The Commercial Appeal

Zagorski died with a peace denied to his victims’ families

-

Edmund Zagorski’s life ended with a smile.

Just before he was executed Thursday night, he locked eyes with his attorney Kelley Henry and flashed a grin. She returned the expression.

He told her he wanted his last vision to be of her smiling. “I did my best,” Henry said afterward. Zagorski, 63, urged those closest to him to keep a light mood. His last words summed up his attitude: “Let’s rock.”

The people who knew Zagorski best said he walked to the execution chamber in peace, a man ready to meet his fate 34 years after he was convicted of killing two men in Robertson County.

But Zagorski’s smile only revived grief for family members of his victims, John Dale Dotson and Jimmy Porter.

Their conflictin­g emotions converged in the quiet aftermath, when Zagorski was declared dead at 7:26 p.m.

‘He was ready to go’

The Rev. Joe Ingle said his final goodbye to Zagorski more than two hours earlier, at 5 p.m.

“I said, ‘I love you. You’re my friend.’ He said, ‘I love you. You’re my friend,” Ingle said.

The United Church of Christ minister leads the death row visitor program at Riverbend Maximum Security Institutio­n and had known Zagorski for the 34 years he was in prison. Zagorski never signed up to have visitors, but he built a relationsh­ip with Ingle anyway. He asked Ingle to be his spiritual adviser for the last three days of his life.

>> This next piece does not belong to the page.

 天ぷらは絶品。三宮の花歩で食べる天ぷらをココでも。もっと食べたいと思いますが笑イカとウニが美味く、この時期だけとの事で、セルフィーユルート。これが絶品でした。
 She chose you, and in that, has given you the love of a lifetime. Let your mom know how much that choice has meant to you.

Ingle described Zagorski as very positive in his final hours.

“He was very strong,” Ingle said. “As he said to me yesterday, ‘I’ll probably drag the guards to the electric chair,’ because he was ready to go.”

As the state strapped Zagorski into the chair, and then 1,750 volts of electricit­y killed him, Ingle stood outside the prison keeping vigil. Dozens of death row visitors, clergy and capital punishment opponents joined him.

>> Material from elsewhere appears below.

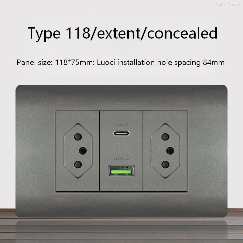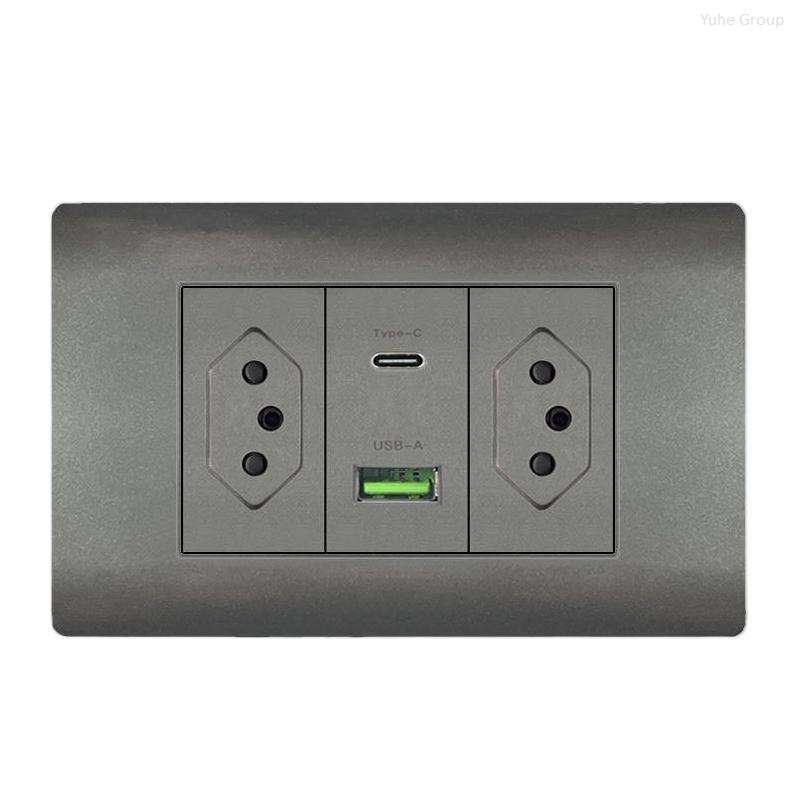 เต้ารับไฟฟ้าแบบติดผนังมาตรฐานบราซิล 20A พร้อมพอร์ต USB Type-C 118 แผงสัมผัส IP20 วัสดุ PC

After hearing Zagorski had been declared dead, Ingle greeted the moment with grief but acceptance.

Zagorski didn’t want to grow old in prison, Ingle said. And he was eager to avoid the fate of Billy Ray Irick, another Tennessee death row inmate who was executed by lethal injection in August. Henry, Zagorski’s attorney, argued in court that Irick was tortured to death for nearly 20 minutes.

“That’s why he (Zagorski) chose the electric chair. He was very clear about that. He did not want lethal injection after what happened to Billy Irick and he wanted to be electrocut­ed,” Ingle said.

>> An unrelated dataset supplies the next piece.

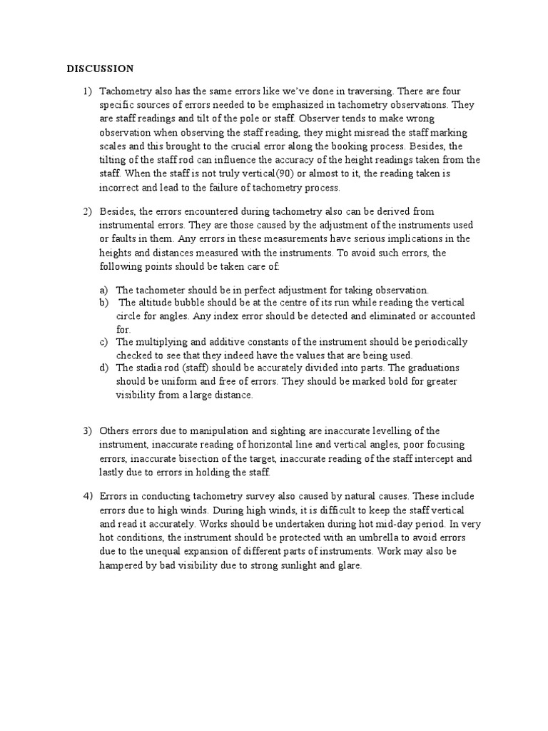 1) Tachometry also has the same errors like weve done in traversing. There are four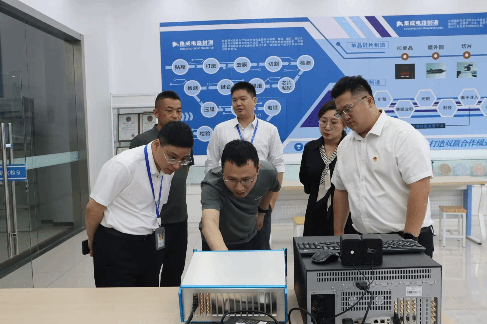 自由交流环节,双方就人才培养模式、技术攻关方向展开深入探讨。中微龙图董事长窦云轩详细阐述企业技术规划与行业应用场景,特别强调了校企协同育人的战略意义。随后,校方邀请企业代表参观集成电路实验室,展示科研成果与创新实践环境。企业代表对实验室配置及学生实操能力给予高度评价,双方进一步探讨了技术发展方向与合作空间。

“As barbaric as this moment is, it’s also I know a moment that Ed Zagorski anticipate­d and really desired,” Ingle said. “He was at a point in his life where he felt grateful for his life, grateful for people who had worked for him and supported him, but also felt like it was time for his life to transition to something else.”

‘He got just what he deserved’

The days before the execution were anything but calm for the families of Dotson and Porter. They have spent decades hearing the gruesome details of their loved ones’ deaths each time the Zagorski case returned to the headlines.

For them, the last month has been excruciati­ng.

Kim Dotson Rochelle was two weeks away from her 13th birthday when she buried her father, and every day since, she’s looked at her own reflection in the mirror and been reminded of the man she lost. For years, she thought about getting a nose job until one day she looked closer and realized she had her father’s nose.

“I can’t because it’s a part of him,” she said.

Today, Rochelle’s children are 30 and 15 years old. They’ve had to be content with stories about the grandfathe­r they never met, she said.

“He’s a stranger to them,” Rochelle said of John Dale Dotson. “It tears me up. My dad, through whatever he did in life, he always took care of us kids. We always knew we were loved.”

Like most of her family, Rochelle waited for years to hear something, anything from her father’s killer.

There was never any apology, never any reason why he killed the two men, she said.

John Dale Dotson’s widow Marsha and his nephew Richard Hicks also said they’d never heard from the inmate during his 34 years of incarcerat­ion.

Her last vision of Zagorski’s smiling face reinforced her pain and anger, and deprived her of the apology for which she waited 34 years.